** Data section **
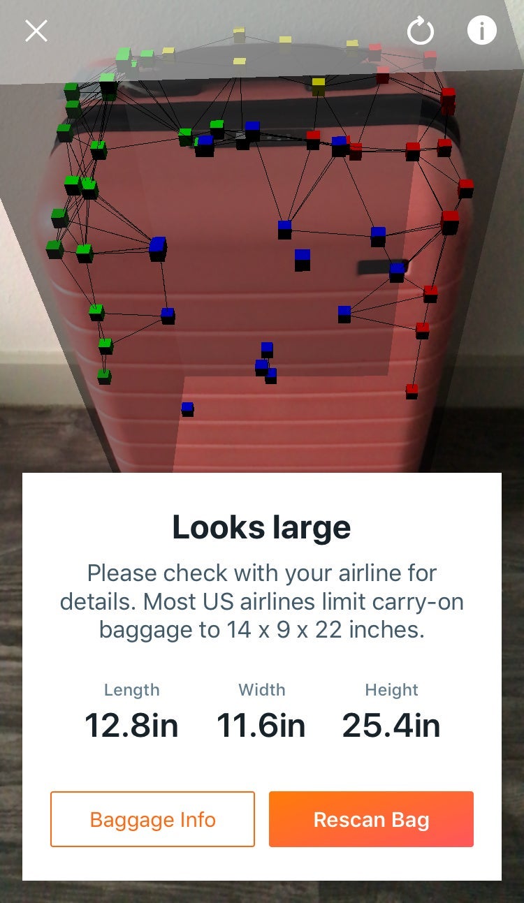 Errrrbody's getting into the augmented reality bag scan game. A couple of weeks ago, we wrote about KLM's new AR feature, which allows you to use a camera phone coupled with the KLM app to check if your bags will qualify as carry-on luggage. The problem with that tool, however, was that 1) you can only access the feature through an existing KLM booking and 2) the measurements obviously are calibrated for KLM restrictions alone.
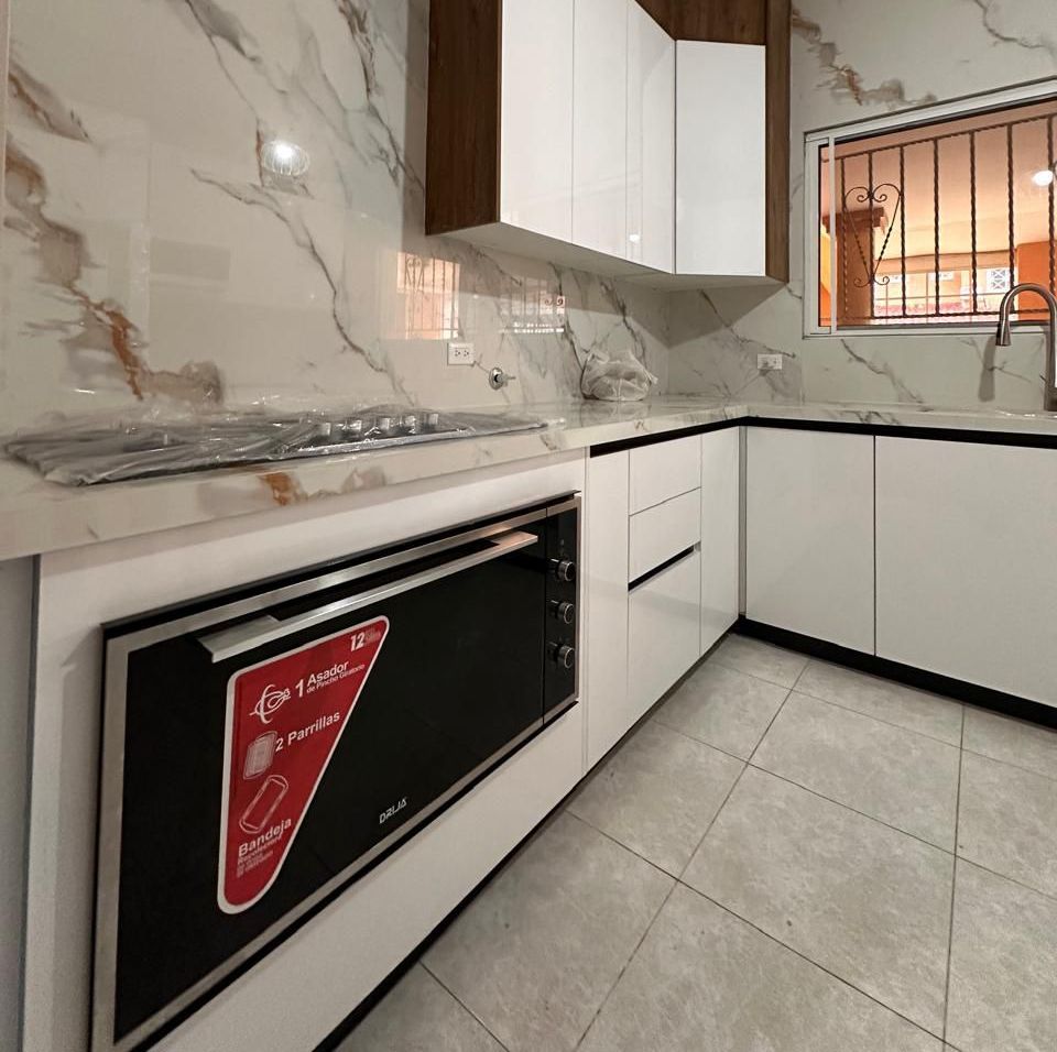 Acá tuvimos que adaptar uno de los hornos mas grandes que habiamos visto (Ja ja) Ilena necesitaba Claridad y le encantó una cubierta ultra Compacto Calacatta Gold, cuando eres exigente, necesitas Calidad y que los materiales sean los mejores, con Blanco Alto brillo y detalles en negro lo logramos, quedó mega Enamorada, estamos preparando un nuevo proyecto en la comuna gracias a ella, Besitos
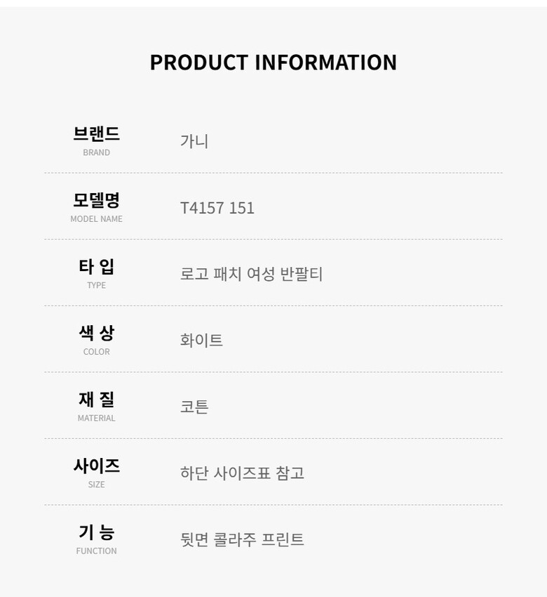가니 반팔 T4157 151 로고 패치 여성반팔티 당일발송
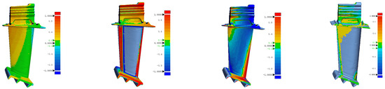 To enable a clearer comparison of experimental results, we selected Blade 3 for a comparison of color deviation graphs, as shown in Figure 9. The maximum and minimum ranges of the color fields are set to 1 mm and −1 mm, respectively, and the gray-blue part in the figure indicates the area outside the color display range. A tolerance of 0.1 mm is specified, and, as a result, 61%, 58%, 48% and 47% of points fall within the tolerance for our method, PCA coarse registration, Super 4PCS coarse registration and RANSAC coarse registration, respectively.
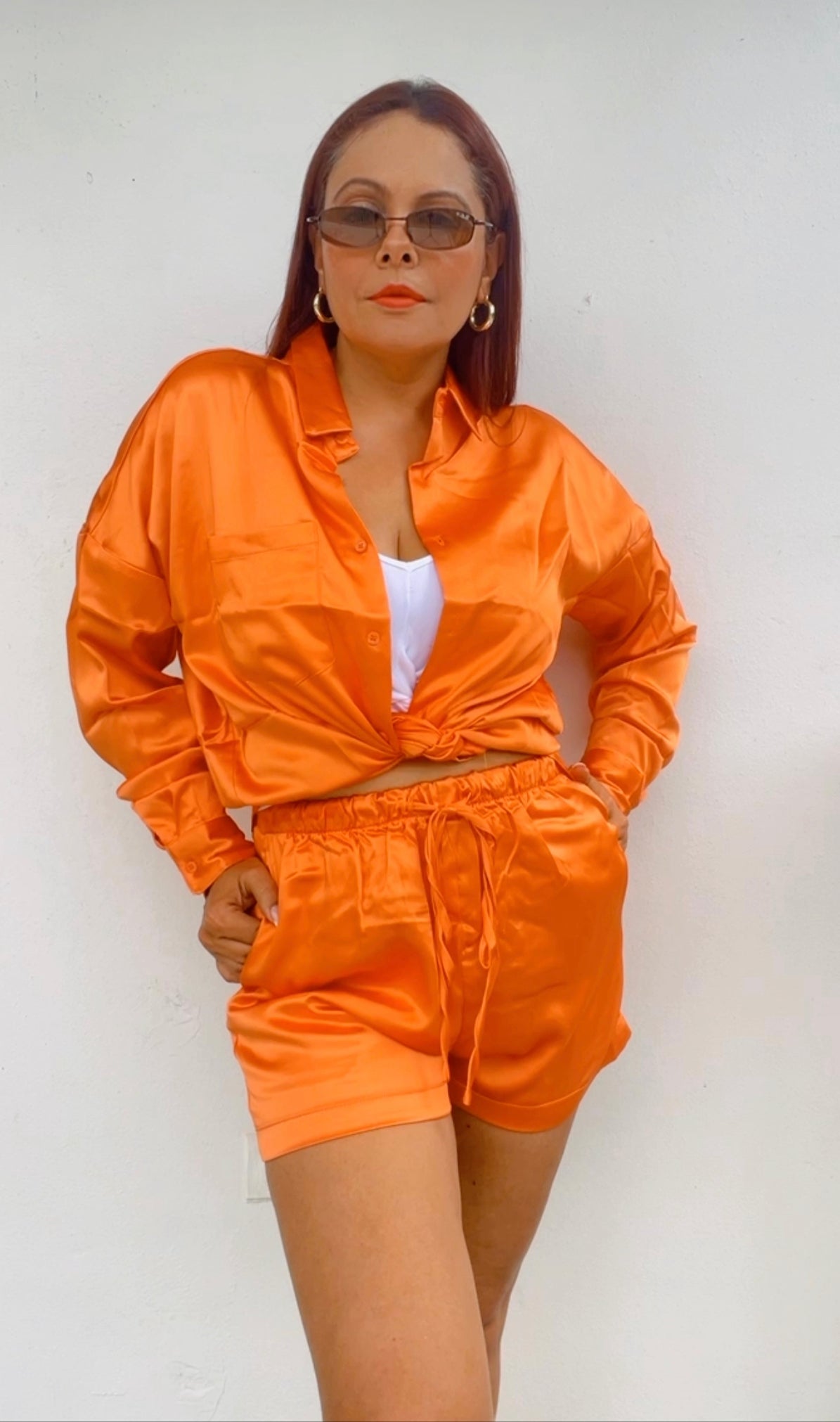 Tela satin, camisa de botones y pantalon en cintura tiene elastico.
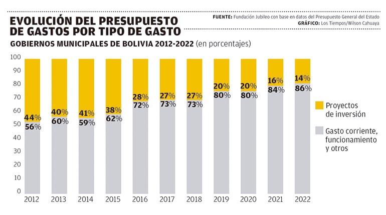 En el caso de los Gobiernos municipales, la diferencia es aún más marcada. En 2012, el gasto corriente llegaba al 56 por ciento y la inversión pública representaba el 44 por ciento del presupuesto, pero en 2022 el gasto corriente subió a un 86 por ciento y la inversión pública bajó a un 14 por ciento.
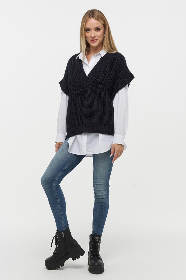 Чёрный вязаный жилет BE YOU – стильный и комфортный элемент гардероба. Модель выполнена из мягкой шерсти и пана, имеет V-образный вырез и свободный крой. Идеально сочетается с рубашками и джинсами. Состав: шерсть 50%, пан 50%
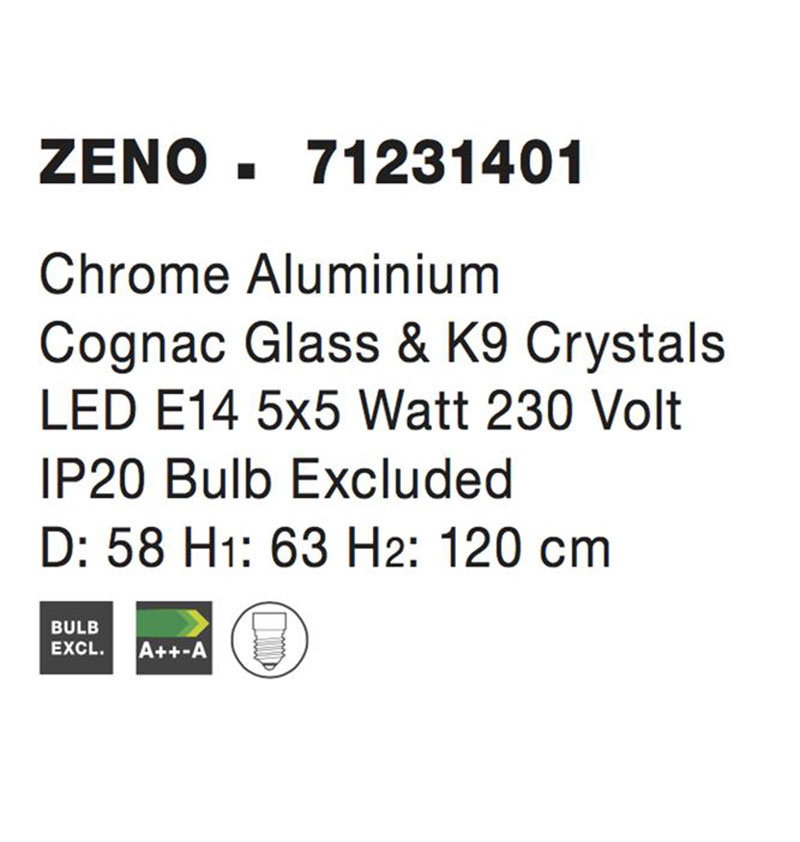 Ο Zeno ξεχωρίζει για το μελί γυαλί σε συνδυασμό με χρωμιωμένες μεταλλικές λεπτομέρειες, δημιουργώντας ένα φωτιστικό που αποπνέει κομψότητα και φινέτσα. Τα κρύσταλλα Κ9 προσθέτουν λάμψη και πολυτέλεια, αντανακλώντας το φως με μοναδικό τρόπο.
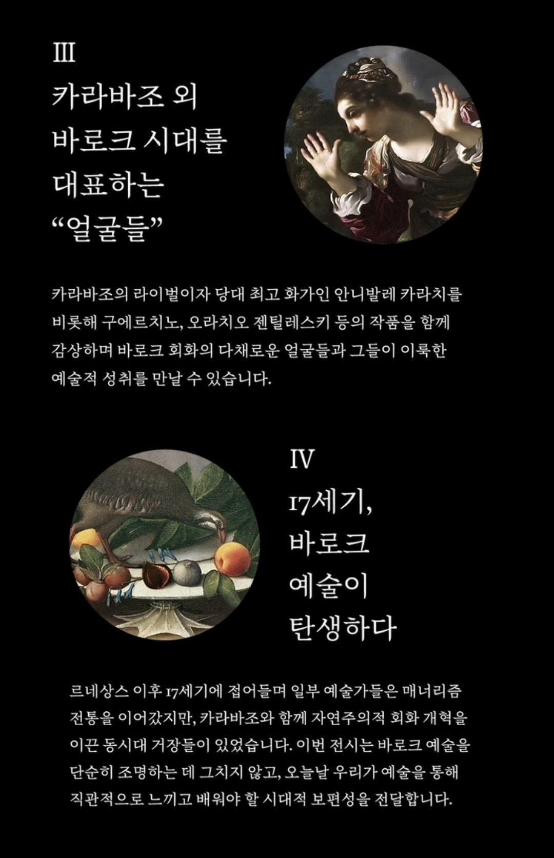 카라바조의 라이벌이자 당대 최고 화가인 안니발레 카라치를 비롯해 구에르치노, 오라치오 젠틸레스키릐 작품을 함께 감상하며 바로크 회화의 다채로운 얼굴들과 그들이 이룩한 예술적 성취를 만날 수 있다고 하네요.
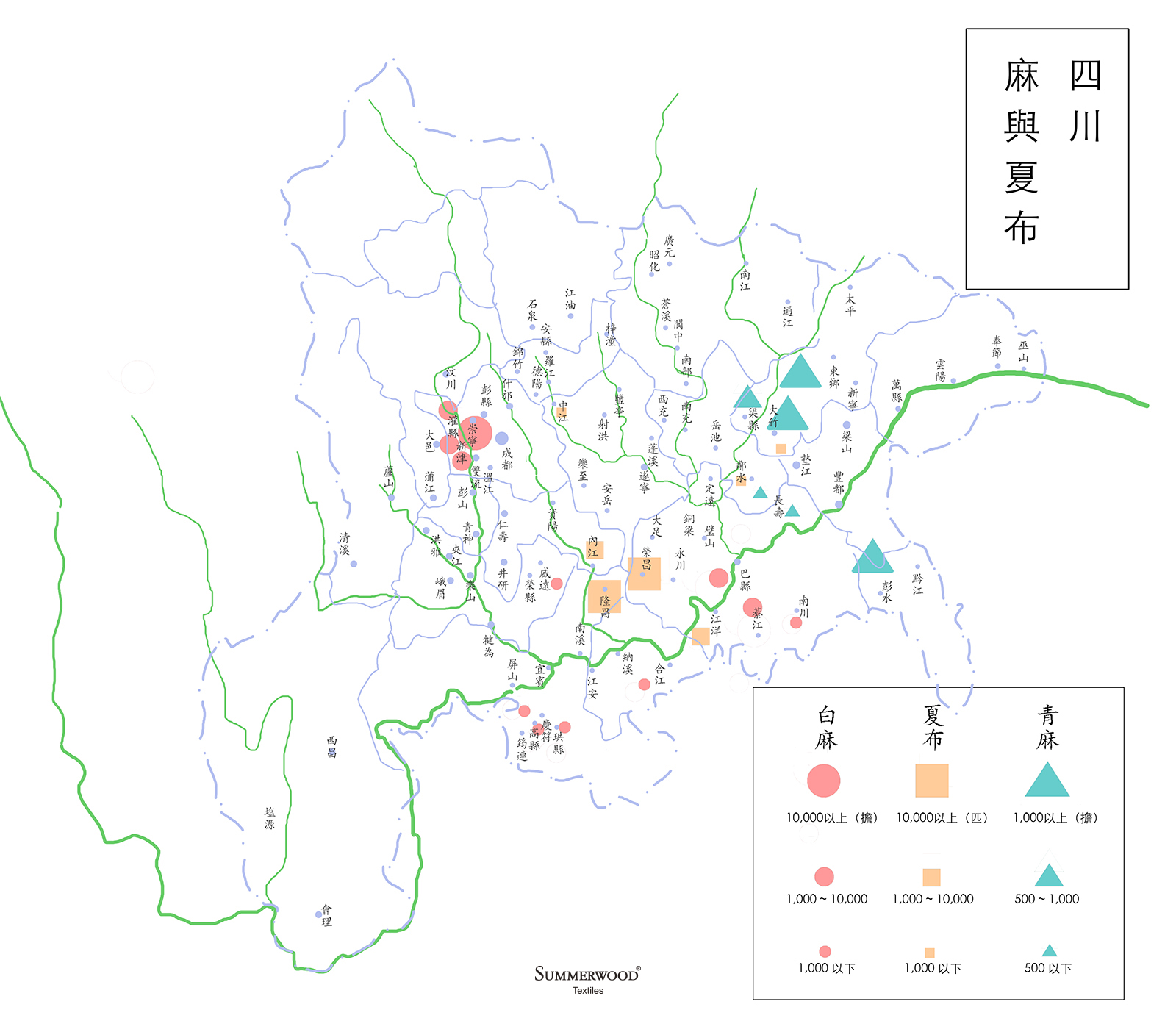 白麻因各地土壤、氣候、培植之不同,亦有優劣之分。榮昌、隆昌、內江之麻,品質最佳,通稱家麻,為千四以上細夏布之唯一原料。他處白麻稱為山麻,有珙縣、高縣、筠連、江安、敘永、長寧各縣。其來自下河者,有江津、南川、合江、江北各縣。更有鄰水、綦江、榮威一帶所產之山麻。榮、隆、內各縣為川產夏布之中心,因當地所產之麻,不足供製造之用,故多由外縣輸入。川西如溫江、灌縣、郫縣、崇慶亦產白麻,專供中江製布之用。
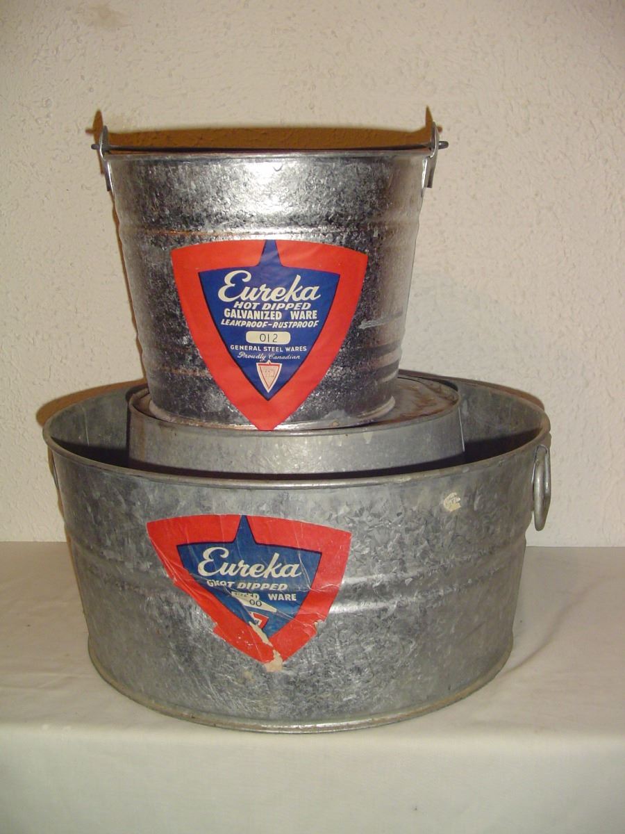 3 Old Galvanized Tubs And Pails
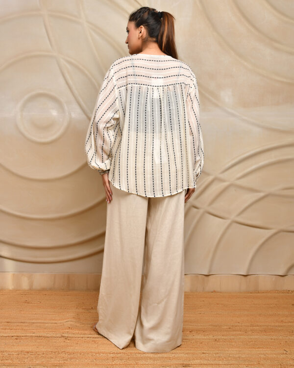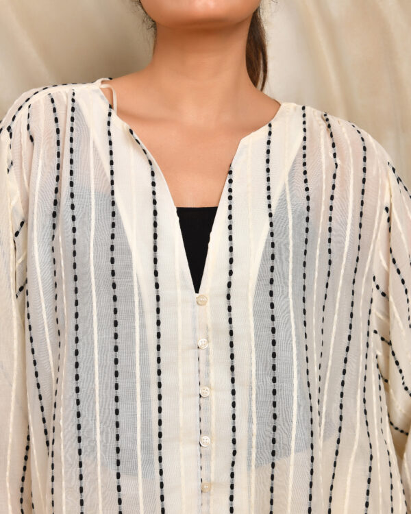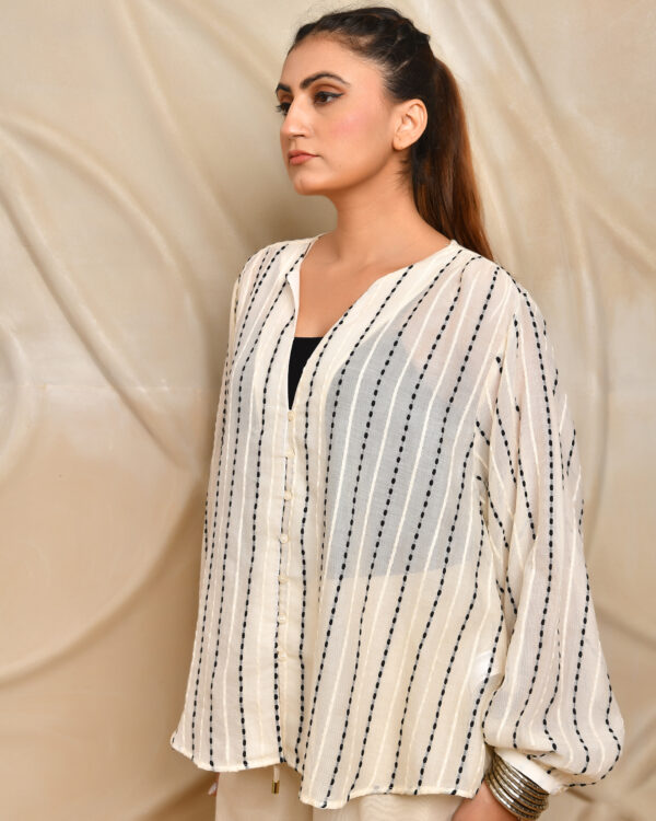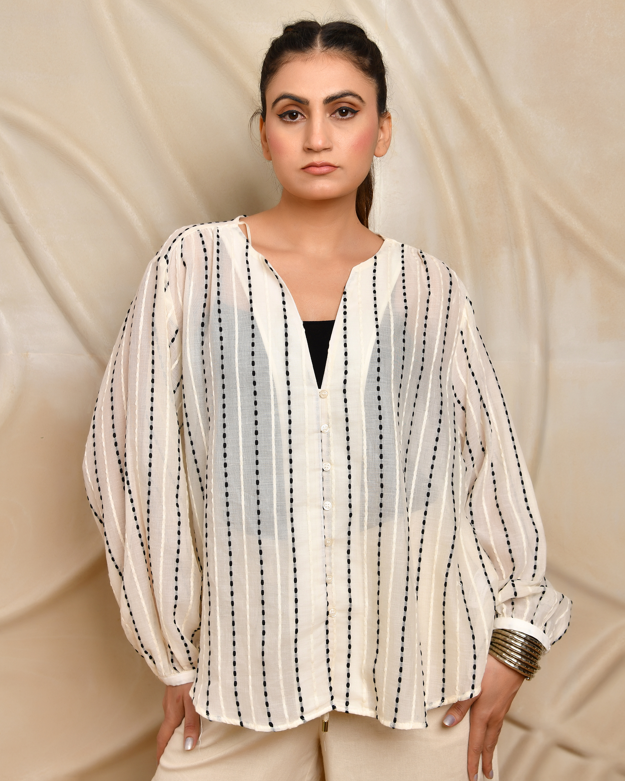 Effortlessly stylish and breathable, this ivory-white sheer blouse is adorned with vertical black dotted stripes, giving it a modern yet timeless appeal. The soft, flowy silhouette features full-length balloon sleeves gathered at the cuffs, a V-neckline with a modest button-down front, and a relaxed fit that drapes elegantly on the body. Whether paired with tailored trousers or casual denim, this blouse brings understated elegance to any look. A versatile wardrobe essential for both casual days and dressier evenings.

** Goal of the exercise **
From the first record to the last, copy everything exactly except the pictures.

** Task answer **
 Errrrbody's getting into the augmented reality bag scan game. A couple of weeks ago, we wrote about KLM's new AR feature, which allows you to use a camera phone coupled with the KLM app to check if your bags will qualify as carry-on luggage. The problem with that tool, however, was that 1) you can only access the feature through an existing KLM booking and 2) the measurements obviously are calibrated for KLM restrictions alone.
 Acá tuvimos que adaptar uno de los hornos mas grandes que habiamos visto (Ja ja) Ilena necesitaba Claridad y le encantó una cubierta ultra Compacto Calacatta Gold, cuando eres exigente, necesitas Calidad y que los materiales sean los mejores, con Blanco Alto brillo y detalles en negro lo logramos, quedó mega Enamorada, estamos preparando un nuevo proyecto en la comuna gracias a ella, Besitos
가니 반팔 T4157 151 로고 패치 여성반팔티 당일발송
 To enable a clearer comparison of experimental results, we selected Blade 3 for a comparison of color deviation graphs, as shown in Figure 9. The maximum and minimum ranges of the color fields are set to 1 mm and −1 mm, respectively, and the gray-blue part in the figure indicates the area outside the color display range. A tolerance of 0.1 mm is specified, and, as a result, 61%, 58%, 48% and 47% of points fall within the tolerance for our method, PCA coarse registration, Super 4PCS coarse registration and RANSAC coarse registration, respectively.
 Tela satin, camisa de botones y pantalon en cintura tiene elastico.
 En el caso de los Gobiernos municipales, la diferencia es aún más marcada. En 2012, el gasto corriente llegaba al 56 por ciento y la inversión pública representaba el 44 por ciento del presupuesto, pero en 2022 el gasto corriente subió a un 86 por ciento y la inversión pública bajó a un 14 por ciento.
 Чёрный вязаный жилет BE YOU – стильный и комфортный элемент гардероба. Модель выполнена из мягкой шерсти и пана, имеет V-образный вырез и свободный крой. Идеально сочетается с рубашками и джинсами. Состав: шерсть 50%, пан 50%
 Ο Zeno ξεχωρίζει για το μελί γυαλί σε συνδυασμό με χρωμιωμένες μεταλλικές λεπτομέρειες, δημιουργώντας ένα φωτιστικό που αποπνέει κομψότητα και φινέτσα. Τα κρύσταλλα Κ9 προσθέτουν λάμψη και πολυτέλεια, αντανακλώντας το φως με μοναδικό τρόπο.
 카라바조의 라이벌이자 당대 최고 화가인 안니발레 카라치를 비롯해 구에르치노, 오라치오 젠틸레스키릐 작품을 함께 감상하며 바로크 회화의 다채로운 얼굴들과 그들이 이룩한 예술적 성취를 만날 수 있다고 하네요.
 白麻因各地土壤、氣候、培植之不同,亦有優劣之分。榮昌、隆昌、內江之麻,品質最佳,通稱家麻,為千四以上細夏布之唯一原料。他處白麻稱為山麻,有珙縣、高縣、筠連、江安、敘永、長寧各縣。其來自下河者,有江津、南川、合江、江北各縣。更有鄰水、綦江、榮威一帶所產之山麻。榮、隆、內各縣為川產夏布之中心,因當地所產之麻,不足供製造之用,故多由外縣輸入。川西如溫江、灌縣、郫縣、崇慶亦產白麻,專供中江製布之用。
 3 Old Galvanized Tubs And Pails
 Effortlessly stylish and breathable, this ivory-white sheer blouse is adorned with vertical black dotted stripes, giving it a modern yet timeless appeal. The soft, flowy silhouette features full-length balloon sleeves gathered at the cuffs, a V-neckline with a modest button-down front, and a relaxed fit that drapes elegantly on the body. Whether paired with tailored trousers or casual denim, this blouse brings understated elegance to any look. A versatile wardrobe essential for both casual days and dressier evenings.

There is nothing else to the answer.